> **What you will do**
Give back an exact repetition of the material below, from its first line through the line that contains "烏茲別克斯坦安格連(市)電廠煙囪施工現(xiàn)場(chǎng)。新華網(wǎng)發(fā) 記者沙達(dá)提 攝", both included, minus the pictures.

> **Material for this task**
'''
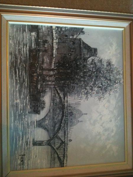 This painting is a black and white oil painting, by an artist I only know as Burnett (see image of the signature). The paiting looks as if the knife technique was used (but I'm not 100% sure of this). The picture is of buildings in the background with a prominent tree and bridge over water.
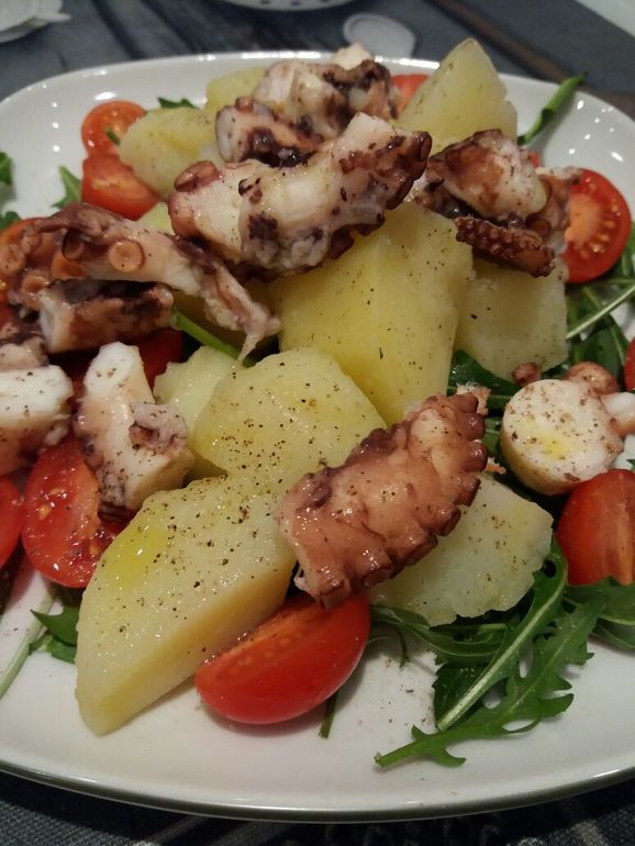 Вот этот теплый салат с картошкой и осьминогом из этой оперы. Осьминог варится 30-40 минут, потом режется на небольшие кусочки, смешивается с вареной картошкой, капля оливкового масла и получается вкуснейшее блюдо итальянской кухни))))
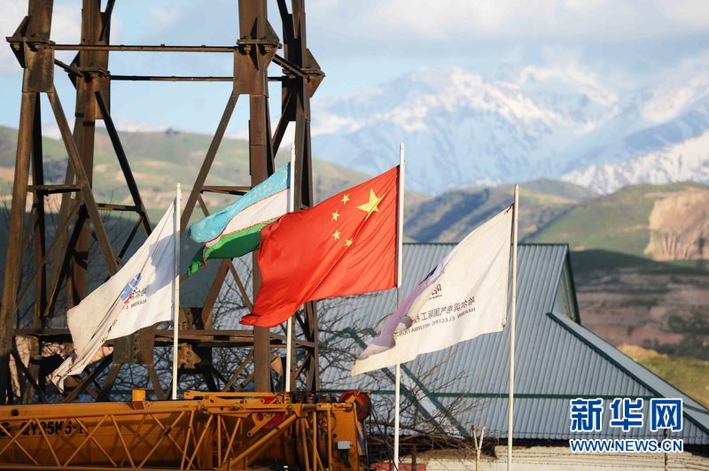 烏茲別克斯坦安格連(市)電廠煙囪施工現(xiàn)場(chǎng)。新華網(wǎng)發(fā) 記者沙達(dá)提 攝
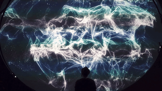在有限的空間里,Refik Anadol 將一串串冰冷的數(shù)據(jù)變得生動有趣,漫天的絢爛射線與粒子光影環(huán)繞四周,為現(xiàn)場觀眾打開了一個浩渺浪漫的宇宙世界。
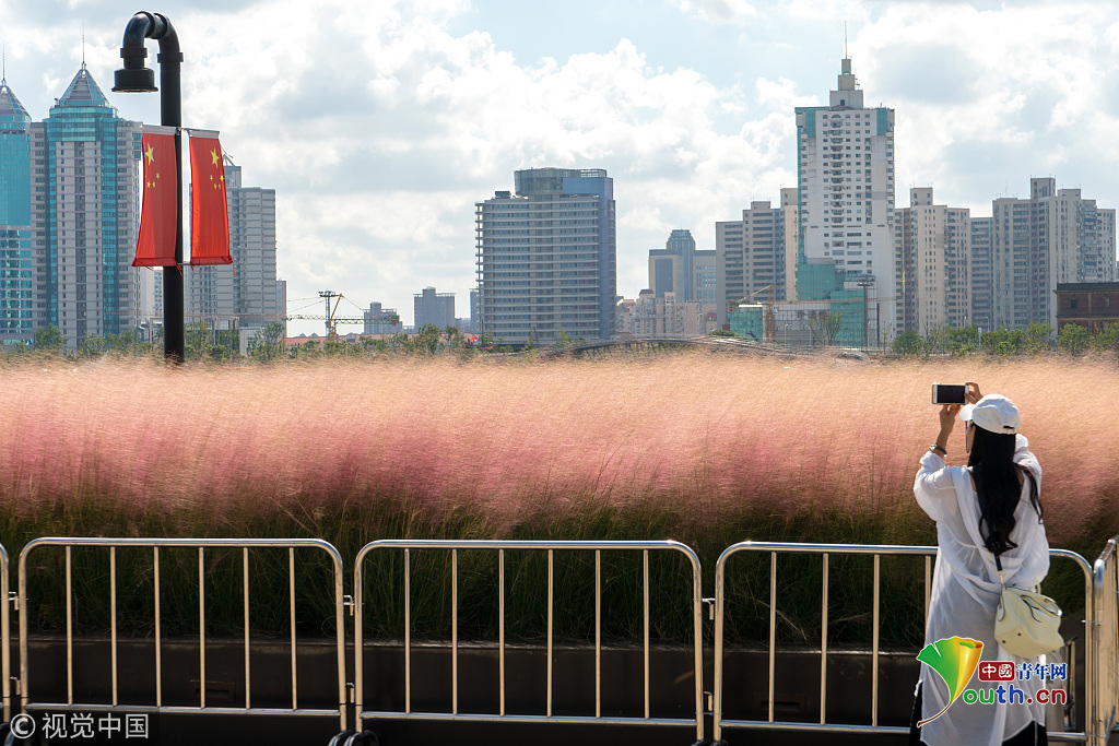 上海楊浦濱江粉黛亂子草成片盛開(kāi) 美不勝收
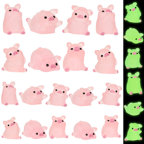 DREMISI 18 Pcs Mini Resin Luminous Pigs Fairy Garden Landscape Aquarium Decoration Potted Plant Decoration Glow in the Dark Miniature Figurines Ornament for DIY Garden Dollhouse Christmas (Light Pink)
'''
> **Exercise output**
 This painting is a black and white oil painting, by an artist I only know as Burnett (see image of the signature). The paiting looks as if the knife technique was used (but I'm not 100% sure of this). The picture is of buildings in the background with a prominent tree and bridge over water.
 Вот этот теплый салат с картошкой и осьминогом из этой оперы. Осьминог варится 30-40 минут, потом режется на небольшие кусочки, смешивается с вареной картошкой, капля оливкового масла и получается вкуснейшее блюдо итальянской кухни))))
 烏茲別克斯坦安格連(市)電廠煙囪施工現(xiàn)場(chǎng)。新華網(wǎng)發(fā) 記者沙達(dá)提 攝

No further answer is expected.